Start of DATASET EXCERPT

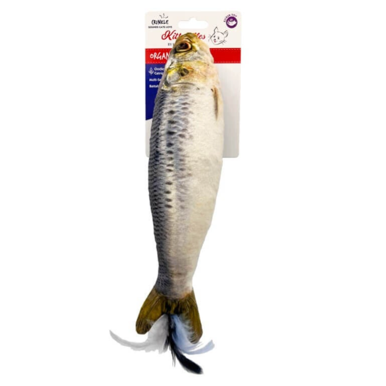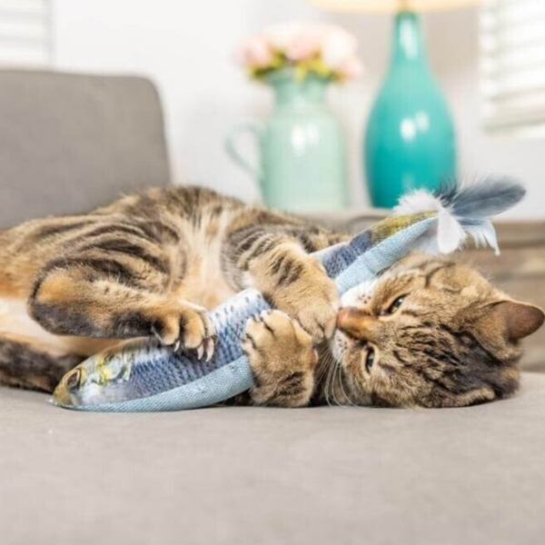 Het fijne aan deze vis is dat hij niet alle kanten op zal spartelen wanneer jouw kat ermee wil spelen en ook geen vies geurtje achter laat als je hem te lang in de woonkamer laat liggen. Het is namelijk geen echte vis, hoe echt deze vis ook lijkt.
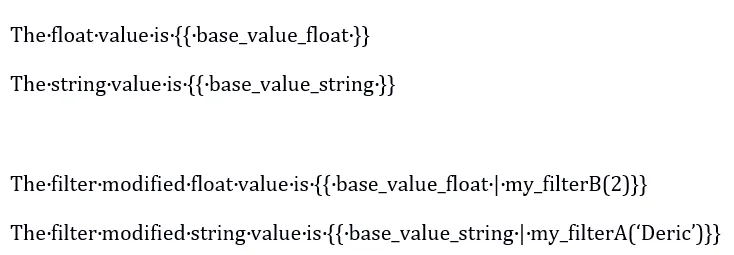 |(竖线)是过滤器的分隔符,左侧是要处理的变量,右侧是过滤器名称;()内是传给过滤器函数的参数(无参数时可省略括号);{{ base_value_float|my_filterB(2) }} 中,base_value_float是变量,my_filterB是过滤器名,2是传递的参数。模板内容:
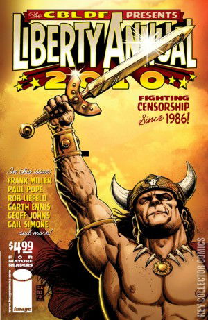A COMIC BOOK LEGAL DEFENSE FUND BENEFIT BOOK! LIBERTY COMICS is the annual ensemble of comic book greats who have donated their time and energy to support the Comic Book Legal Defense Fund. CBLDF is is a non-profit organization dedicated to the protection of the First Amendment rights of the comics art form and its community of retailers, creators, publishers, librarians and readers. The CBLDF provides legal referrals, representation, advice, assistance and education in furtherance of these goals. The roster for LIBERTY COMICS 2010 includes contributions such as: A new The Boys story by GARTH ENNIS & ROB STEEN, the first new Megaton Man adventure by DON SIMPSON in over a decade, an all-new Milk & Cheese story by EVAN DORKIN, a preview of The Contrarian by SCOTT MORSE, a new Conan tale by DARICK ROBERTSON, Boilerplate by ANINA BENNETT & PAUL GUINAN and 'Why We Fight!' by editor LARRY MARDER. Plus: all-new short stories by GEOFF JOHNS & SCOTT KOLINS, FRANK MILLER, GABRIEL BA & FABIO MOON, PAUL POPE, JEFF SMITH, TERRY MOORE, DAVE GIBBONS, BRIAN AZZARELLO & JILL THOMPSON, ROB LIEFELD, COLLEEN DORAN and SKOTTIE YOUNG. All proceeds from LIBERTY COMICS will benefit the First Amendment legal work of the Comic Book Legal Defense Fund!

End of DATASET EXCERPT

[ACTION ITEM] Take the listing and print it again exactly, but without any pictures.

[OUTPUT OF THE TASK]
 Het fijne aan deze vis is dat hij niet alle kanten op zal spartelen wanneer jouw kat ermee wil spelen en ook geen vies geurtje achter laat als je hem te lang in de woonkamer laat liggen. Het is namelijk geen echte vis, hoe echt deze vis ook lijkt.
 |(竖线)是过滤器的分隔符,左侧是要处理的变量,右侧是过滤器名称;()内是传给过滤器函数的参数(无参数时可省略括号);{{ base_value_float|my_filterB(2) }} 中,base_value_float是变量,my_filterB是过滤器名,2是传递的参数。模板内容:
A COMIC BOOK LEGAL DEFENSE FUND BENEFIT BOOK! LIBERTY COMICS is the annual ensemble of comic book greats who have donated their time and energy to support the Comic Book Legal Defense Fund. CBLDF is is a non-profit organization dedicated to the protection of the First Amendment rights of the comics art form and its community of retailers, creators, publishers, librarians and readers. The CBLDF provides legal referrals, representation, advice, assistance and education in furtherance of these goals. The roster for LIBERTY COMICS 2010 includes contributions such as: A new The Boys story by GARTH ENNIS & ROB STEEN, the first new Megaton Man adventure by DON SIMPSON in over a decade, an all-new Milk & Cheese story by EVAN DORKIN, a preview of The Contrarian by SCOTT MORSE, a new Conan tale by DARICK ROBERTSON, Boilerplate by ANINA BENNETT & PAUL GUINAN and 'Why We Fight!' by editor LARRY MARDER. Plus: all-new short stories by GEOFF JOHNS & SCOTT KOLINS, FRANK MILLER, GABRIEL BA & FABIO MOON, PAUL POPE, JEFF SMITH, TERRY MOORE, DAVE GIBBONS, BRIAN AZZARELLO & JILL THOMPSON, ROB LIEFELD, COLLEEN DORAN and SKOTTIE YOUNG. All proceeds from LIBERTY COMICS will benefit the First Amendment legal work of the Comic Book Legal Defense Fund!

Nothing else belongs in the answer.